Action "like a small play but played seriously," in Bruce Lee's hands it's a walk around the atelier (cf. Astaire at the gym in Royal Wedding). The foe is a renegade Shaolin monk (Shih Kien) trading in dope and flesh out of his kingdom-island, the point of entry is a tournament where martial-artists with lethal backstories mingle. (A high-angled zoom-pan gives a lush view of the fortress dotted with white kimonos.) Joining Lee's infiltrator are the indebted playboy (John Saxon) and the hotshot sensualist (Jim Kelly), war chums taking turns in the kingpin's bone-cracking arena. "Man, you come right out of a comic book!" Gilbert's You Only Live Twice provides the structural lines, with a detour into Leone's For a Few Dollars More for the fate of the agent's sister (a fierce mini-decathlon for Angela Mao) plus copious swaths of Lang's The Indian Tomb. Robert Clouse's studies of Hong Kong reveal booming metropolis side by side with floating slum, Lalo Schifrin's synthesizers add layers of oneiric funk, and there are flashes of svelte Sammo Hung, young Jackie Chan, and Bolo Yeung like a cruel boulder of muscle. All of this is fused for Lee's most opulent dojo, at once grindhouse and sacramental.
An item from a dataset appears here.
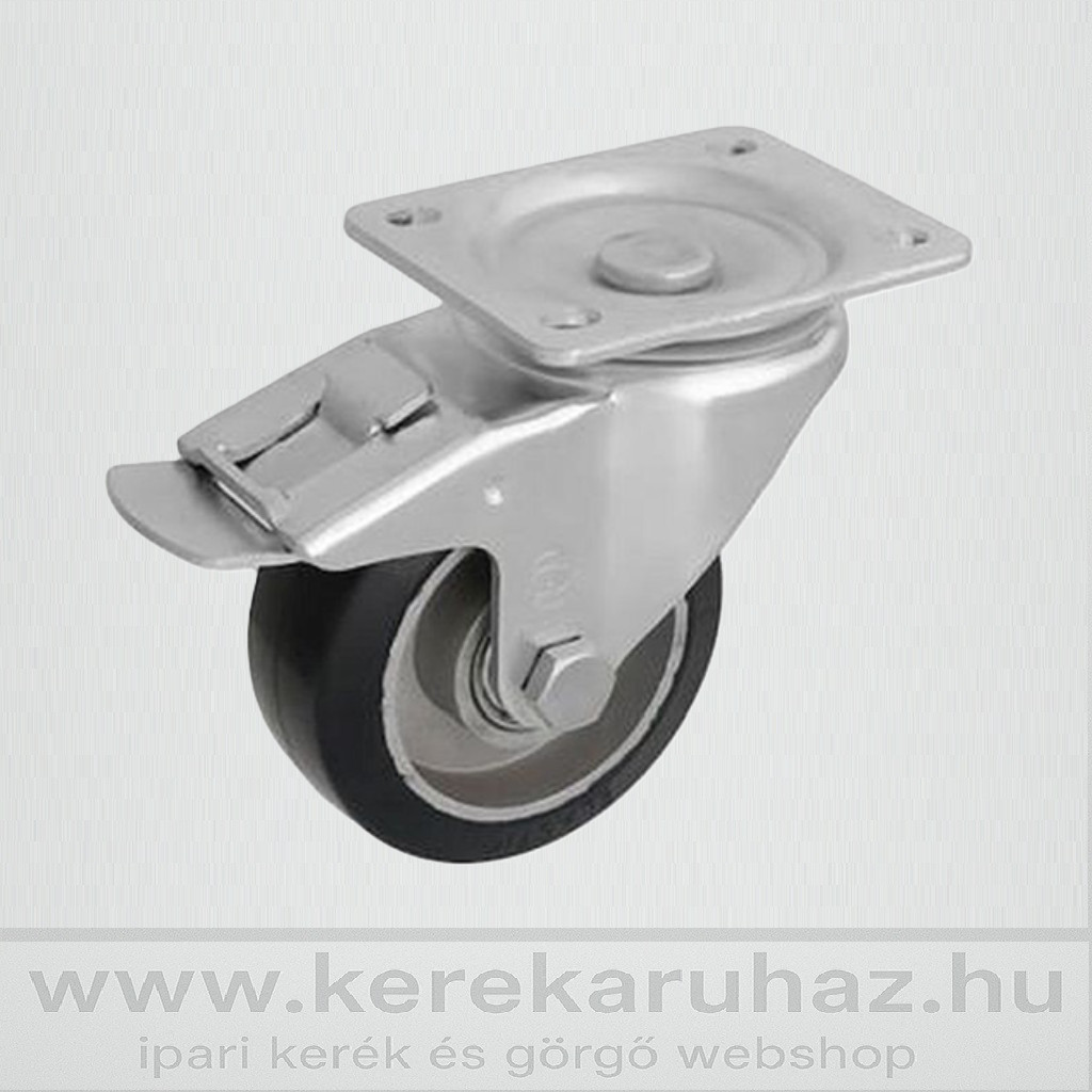 Az öntött alumínium felni és az elasztikus fekete gumi futófelület kombinációja halk, rezgéscsillapított mozgást biztosít ipari használatban.

Sleek as Alain Delon and mighty as Muhammad Ali, the star quivers in unforgettable slow-mo, stripped to the waist and adorned with crimson slashes. "Break the image" is the sage advice, as Welles would have it, and sure enough hero and villain lock eyes in the midst of a massive melee and continue their dance in a hall of mirrors from The Lady from Shanghai. "We shall strive to be worthy of your sense of grandeur." Brilliant subsequent parodies from John Landis and Stephen Chow can't dim the mystique of the lithe cyclone whipping across the Panavision screen. With Ahna Capri, Bob Wall, Betty Chung, Geoffrey Weeks, and Peter Archer.